Nouvelles
4 min
Ecole Supérieure de Journalisme de Lille
Maman, je vois le sexe autrement
Moi je suis différente. Je l'ai toujours été. Pour ma mère, c'est comme si j'étais une extra-terrestre. C'est pourtant elle, la prostituée. Elle vend son corps depuis ses 16 ans. Chez elle, le sexe est mécanique. Dénué de sentiments. C'est un service qu'elle rend, elle dit même que c'est « un acte de charité pour certains corps qui ne sont jamais touchés. »
Pendant longtemps, je n'ai pas compris son métier. Je me souviens être tombée sur son carnet violet tamponné d'une phrase en anglais : « I'm a strong woman ». A l'intérieur, une liste de prénoms, tous masculins, écrits en vert ou en rouge. Le même code couleur que la maitresse utilisait pour noter mes devoirs. Plus tard seulement, elle m'a expliqué que le vert était pour les bons clients qui payent après chaque prestation. Le rouge, pour les violents.

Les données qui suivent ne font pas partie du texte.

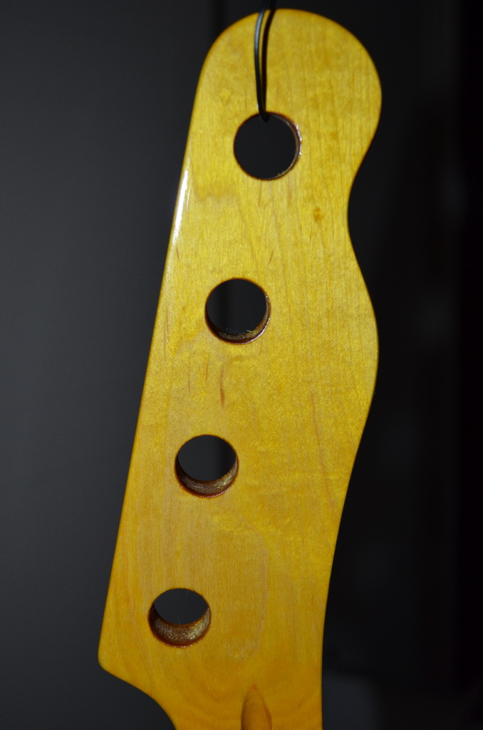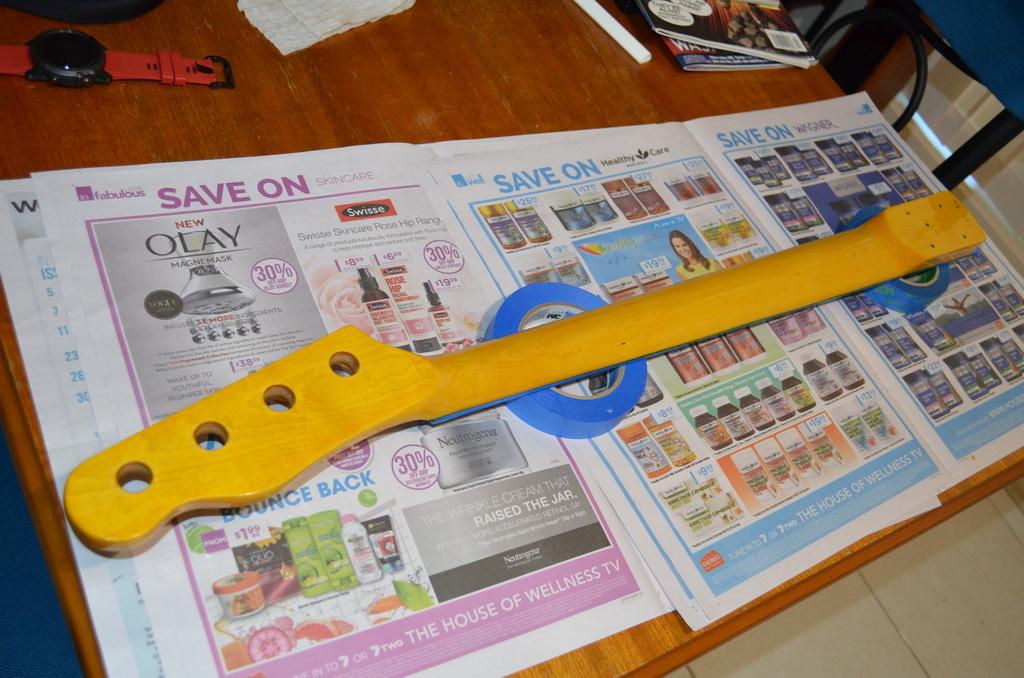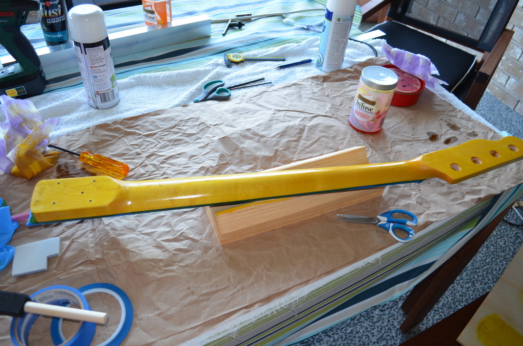 So in January this year I finally got around to attempting to apply a finish to my custom-order Pitbull bass neck (with Tele-style headstock) that I've had since December '17. I'd shaped the heel soon after it arrived and then sat there for about a year. In that time I ordered some tung oil and citric turpene from The Woodworks in Sydney along with some yellow dye to make a vintage yellow.
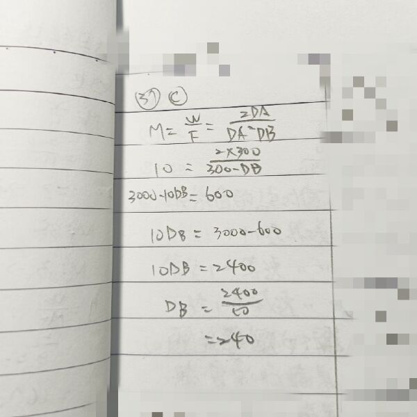 形下,其機械利益為 10,若該滑車定滑輪中之大輪直徑為 300 mm,定滑輪中之小輪直徑為何?

J'ai d'abord trouvé que le sexe c'était drôle. J'aimais glisser mon doigt dans la première de couverture du guide du zizi sexuel de Titeuf pour former une « bite ». J'aimais les dessins des pages « tutos préservatifs ». C'étaient des schémas colorés de bouts de plastique multicolore vissés sur des pénis en érections. Le sexe c'était le jeu des adultes, et maman était une grande enfant qui n'avait jamais cessé de s'amuser.
Mais en classe, je voulais qu'on prenne au sérieux le travail de ma mère. J'ai commencé le premier exposé de ma vie en affirmant : « Les métiers du sexe sont vieux comme le monde. » Les gamins ont pouffé, mais la maitresse n'a pas bronché. Fière, j'ai fait défiler des photographies de la maison close de Pompéi : « Ces fresques sont issues du catalogue des prestations du bordel ». Ma conclusion : « Même il y a deux mille ans, on se prostituait ». J'ai eu 20. Maman était très fière.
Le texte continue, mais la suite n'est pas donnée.